SPRINT began enrolling in 11/2010. The outcomes are risk of cardiovascular disease and chronic kidney disease. There is also a component looking at memory and cognitive decline with different blood pressure targets: SPRINT-MIND. The idea behind SPRINT-MIND is that vascular dementia may be mitigated by lowering blood pressure to below 120 mm Hg, though this has not been demonstrated in any of the trials that Dr. Goff had mentioned during his presentation. Hopefully, SPRINT will show the same 20-25% reduction in events that we have seen in observational studies. Total enrollment will be 9,250 patients (the ACCORD sample size was about 50% this number). SPRINT also recruits patients with chronic kidney disease (uncommon in previously published trials). SPRINT will also recruit 3,250 patients age 75 or over (especially for the SPRINT-MIND component of the trial). Recruitment is for 2 years, follow-up is 4-6 years.

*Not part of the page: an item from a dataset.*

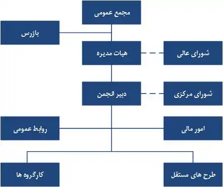 برابرِ اساسنامه، انجمن دارای سه رکن مجمع عمومی، هیئتمدیره و بازرس است. مهمترین رکن انجمن مجمع عمومی است که با حضور همهٔ هموندان یک بار در سال برگزار میشود. در مجمع عمومی دربارهٔ مهمترین مسائل انجمن تصمیمگیری شده، همچنین گزارش عملکرد هیئتمدیره خوانده شده و به پیشنهادها و نقدهای هموندان رسیدگی میشود. اعضای هیئتمدیره بهمدت دو سال و بازرس بهمدت یکسال در نشستهای سالانهٔ مجمع عمومی بهدستِ هموندان انجمن گزینش میشوند. همچنین انجمن دارای شورای عالی است که از هموندان قدیمی، دبیران و بازرسان پیشین انجمن تشکیل یافته و بهعنوان نهادی نگاهبانِ آرمان انجمن، یاریرسانِ هموندان هیئتمدیره است. ساختار اجرایی انجمن شامل کارگروههایی است که در راستای هدفهای انجمن فعالیت میکنند. دبیران کارگروهها شورای مرکزی انجمن را تشکیل میدهند تا در تصمیمسازی و تصمیمگیری به مدیرعامل انجمن، که بنا به عرف دبیر انجمن نامیده میشود، یاری برسانند. هیئتمدیره نمایندهٔ قانونی انجمن بوده و دبیر انجمن (مدیرعامل) بالاترین مقام اجرایی انجمن است و در حدود اختیاراتی که از طرف هیئتمدیره و اساسنامه به وی واگذار شدهاست نمایندهٔ آن محسوب میشود.[2]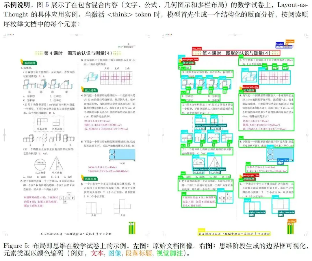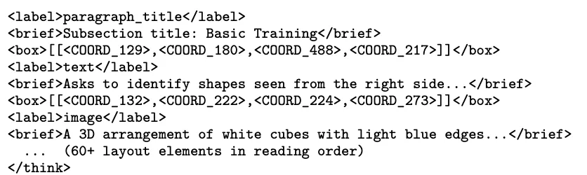 机制定义:通过⟨ think ⟩特殊token触发的可选思维阶段,模型在生成最终输出前,先生成结构化的布局表示(边界框、元素类型、阅读顺序),将布局分析转化为模型的“中间推理步骤”,而非独立的前置任务。

Some more details about SPRINT-MIND. A sub-study will use MRI to look at changes in brain structure and cerebral blood flow over the study duration in both arms.

Chronic kidney disease is a major component of SPRINT. In most blood pressure studies, patients with CKD have been under-represented or excluded entirely. As a result, investigators are not confident that lowering blood pressure actually has reno-protective effects. The common thinking that blood pressure control does protect kidney function has been established in trials that have performed sub-group analyses with small sample sizes or observational studies; no randomized trials have addressed this issue in CKD patients.

SPRINT is a multi-center trial: 87 centers across the US, divided into 5 networks (Dr. Goff leads one network at Wake Forest, of which ECU is one of the centers).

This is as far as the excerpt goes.